My then girlfriend and now wife got me hooked on Macs. I couldn't even find the power switch on her IIvi but overnight became a computer geek. But the poll said how many have I owned so here go:

6400/180 Performa (added hard drive where zip went)
G3/350 (overclocked, extra hard drive, zip and 17" studio display)
G4 Quicksilver 733, now 933 Apple processor, Radeon 9000 128Mb, 1.12 GB RAM, 2x120GB 7200rpm plus external 160GB, LG GSA-4163B burner, zip, cooling mods, 17" digital LCD...
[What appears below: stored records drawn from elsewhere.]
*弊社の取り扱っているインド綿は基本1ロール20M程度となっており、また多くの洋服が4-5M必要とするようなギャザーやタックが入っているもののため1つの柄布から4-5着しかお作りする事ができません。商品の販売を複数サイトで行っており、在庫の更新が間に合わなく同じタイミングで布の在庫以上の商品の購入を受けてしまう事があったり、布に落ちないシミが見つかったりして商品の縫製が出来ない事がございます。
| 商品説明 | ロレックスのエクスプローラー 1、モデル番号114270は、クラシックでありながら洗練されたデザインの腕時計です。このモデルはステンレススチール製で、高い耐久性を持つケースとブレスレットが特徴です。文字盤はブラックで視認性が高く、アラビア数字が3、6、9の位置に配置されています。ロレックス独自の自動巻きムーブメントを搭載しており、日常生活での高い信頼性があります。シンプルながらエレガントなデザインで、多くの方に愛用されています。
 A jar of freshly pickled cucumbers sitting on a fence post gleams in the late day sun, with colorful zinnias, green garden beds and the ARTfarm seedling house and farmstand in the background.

Apple, I've got the cash and want a G5, update the Powermacs already!!!!!!   

Later
Tim


----------



## Chris Knight (Mar 15, 2005)

3:

Quadra 630
Power Tower 180 clone
Sawtooth 400Mhz, my current machine.

Next will be a G5 tower of some sort, depending on what Apple makes in the next 3 months.


----------



## nixgeek (Mar 16, 2005)

In order of acquisition...

Apple IIc - First Apple ever.  Used to practice BASIC programming when I was a kid in the 80s. 
Performa 6220CD - First Power Mac, but a disappointment of a machine. 
Quadra 650 - Great 68K Mac I acquired for free 2 yrs ago.  Currently hosting my homepage with MacHTTP.
Performa 6300 - Given to me from a friend.  Seems as though this was a Performa 631CD with a 6300 logic board (case still has 631CD name, but Sys Profiler said 6300).  Talk about luck!  Given to a friend to tinker with.
StarMax 4000 MT - Cool PPC Mac clone tower from Motorola.  Running Debian "sarge."  Traded a PC for this one.
PowerBook Duo 230 - Neat little 68030 notebook I just got from a friend who was going to send it to the dumpster after getting a PowerBook G4.  Still deciding whether to keep it. 
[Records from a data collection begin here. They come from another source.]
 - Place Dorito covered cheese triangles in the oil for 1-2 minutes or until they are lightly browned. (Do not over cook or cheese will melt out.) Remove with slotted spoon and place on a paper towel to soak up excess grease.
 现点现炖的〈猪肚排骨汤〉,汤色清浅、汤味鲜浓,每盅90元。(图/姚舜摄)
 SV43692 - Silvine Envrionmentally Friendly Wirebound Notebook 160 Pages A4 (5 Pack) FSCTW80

Hopefully I can add one more when I have enough cash.  And this will be a new one.


----------



## Jeffo (Mar 16, 2005)

I, personally, have had 22, but that does NOT include the computers my parents had when i was too young to buy one myself.  it also does not include the PCs i have had.


----------



## Cat (Mar 16, 2005)

* Graphite iBook SE G3@366MHz
* 12" PowerBook G4@867MHz 
* 15" PowerBook G4@1.33GHz

And some older machines: a Macintosh Classic and an LC II (with an a4 screen).


----------



## fryke (Mar 16, 2005)

Since my first post in this thread, I've also had an iBook 12" G3/800 (now my gf's), the PowerBook 15" G4/1.33 and the iBook 12" G4/1.2. Which'd put me into the >15 category now. But I can't change my answer from 10-15 to that, of course.


----------



## JetwingX (Mar 16, 2005)

1: Performa 6200CD
2: iMac DV+
3: G3 Yosemite
4: iBook G3 dual USB
5: iMac G5 1.8 ghz


----------



## fleur-de-lis (Mar 16, 2005)

My family computers:

1. Performa 580CD
2. G3 iMac (Bondi-Blue 233MHz)
3. G3 iMac (Graphite 600MHz)

My first computer:
Dual 2.5GHz PowerMac G5 + 20" Display

The Performa brings back memories: 8MB of RAM, 500MB HD, OS 7 or something, but it still crashed less than the crappy Bondi-Blue iMac.  I hated that old iMac.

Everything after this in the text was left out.